EXERCISE DETAILS: From the records below, set down exactly the lines starting with the line that contains "- Open the cooker" and going on through the line that contains "المُفَضَّلُ الجَنَدِيُّ: حَدَّثَنَا". Nothing else is wanted.

DATA TO EXAMINE:

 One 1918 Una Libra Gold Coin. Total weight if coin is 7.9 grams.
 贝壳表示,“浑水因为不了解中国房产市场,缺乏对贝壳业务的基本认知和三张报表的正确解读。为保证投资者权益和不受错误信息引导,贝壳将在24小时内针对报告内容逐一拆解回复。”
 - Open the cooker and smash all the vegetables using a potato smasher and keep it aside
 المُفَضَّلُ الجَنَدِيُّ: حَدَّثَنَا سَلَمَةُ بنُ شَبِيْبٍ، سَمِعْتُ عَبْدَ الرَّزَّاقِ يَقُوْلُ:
--
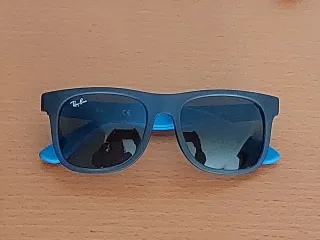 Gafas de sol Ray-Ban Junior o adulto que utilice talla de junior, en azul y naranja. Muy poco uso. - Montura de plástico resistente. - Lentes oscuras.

EXERCISE RESPONSE:
 - Open the cooker and smash all the vegetables using a potato smasher and keep it aside
 المُفَضَّلُ الجَنَدِيُّ: حَدَّثَنَا سَلَمَةُ بنُ شَبِيْبٍ، سَمِعْتُ عَبْدَ الرَّزَّاقِ يَقُوْلُ:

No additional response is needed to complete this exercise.